We had been informed in advance that today we would learn the very beginning of a quite complicated topic, regular expression – a sequence of characters that specifies a search pattern in text. The pattern rule of regex is of great importance for doing web scraping later on. To be honest, I was quite shocked at first when I was looking at a long chaotic sequence of special characters which are referred to as wildcards or steroids. You are probably familiar with wildcard notations such as *.csv. One of the most regular usages of regex deals with word extraction such as text, email address. With regard to regex’s enormous applications, this blog aims to crack only a tiny tip of the iceberg 😊, lazy & greedy concept in the context of regular expression.
From the basic lesson you might encounter the following characters:
.* is greedy, meaning that it will ignore the next delimiter of your regex until it itself is not fulfilled, unless the regex following .* is against the end of the target string.
.*? is ungreedy, meaning that it will proceed to the next delimiter of your regex, if the next is fulfilled.
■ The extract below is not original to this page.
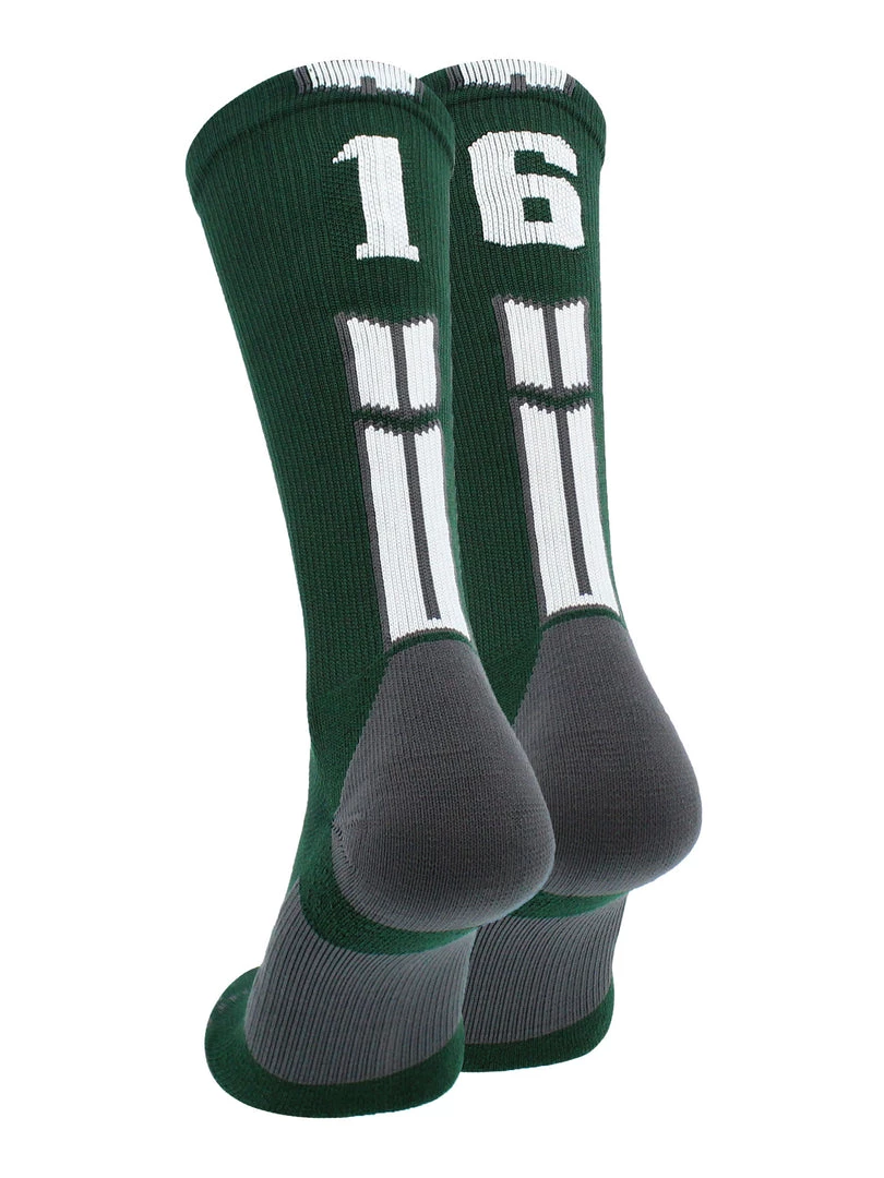 NUMBER SOCKS SOLD AS A PAIR!! MadSportsStuff Player Id Jersey Number Socks Crew Length Dark Green and White. Select your own personalized jersey number. High performance athletic number socks for all team sports and elite athletes. These jersey number socks are ideal for boys and girls and are great for basketball, football, volleyball, lacrosse and more!

It will continue onto the next delimiter even if itself is still applicable.
Let’s begin with an example:
/(.*) dog/ will match I think your dog bit my dog and group 1 will be I think your dog bit my.
/(.*?) dog/ will match I think your dog bit my dog and group 1 will be I think your".
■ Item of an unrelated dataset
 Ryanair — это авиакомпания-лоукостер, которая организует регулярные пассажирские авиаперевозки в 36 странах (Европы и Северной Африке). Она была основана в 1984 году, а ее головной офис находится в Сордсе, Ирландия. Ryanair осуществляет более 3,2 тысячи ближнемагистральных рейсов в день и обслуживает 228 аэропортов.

The ? makes the + "lazy" instead of "greedy". This means it tries to match as few times as possible, instead of trying to match as many times as possible.
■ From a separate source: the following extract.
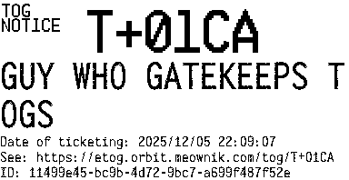 Orbit eTOG Listing Service: T+01CA GUY WHO GATEKEEPS TOGS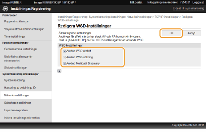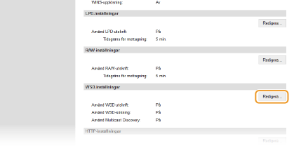 Markera kryssrutan för att hämta information om enheten från en dator via WSD. Kryssrutan markeras automatiskt när kryssrutan [Använd WSD-utskrift] är markerad. [Använd Multicast Discovery]

To make things clear let’s trace the search step by step by another example. The Regex expression /".+?"/g works as intended: it finds "your" and "my":
1. The first step is to find the pattern starting with ‘ “ ‘:
2. The next step is also similar: the engine finds a match for the dot '.'
:
3. And now the search goes differently. Because we have a lazy mode for +?
, the engine doesn’t try to match a dot one more time, but stops and tries to match the rest of the pattern '"'
right now:
4. Then the regular expression engine increases the number of repetitions for the dot and tries one more time:
Failure again. Then the number of repetitions is increased again and again…
5. …Till the match for the rest of the pattern is found:
6. The next search starts from the end of the current match and yield one more result:
If the expression would be like /".+"/ which mean “greedy”. The result match would be “your” dog bit “my”
That’s a decent bit to learn on Friday, isn’t it?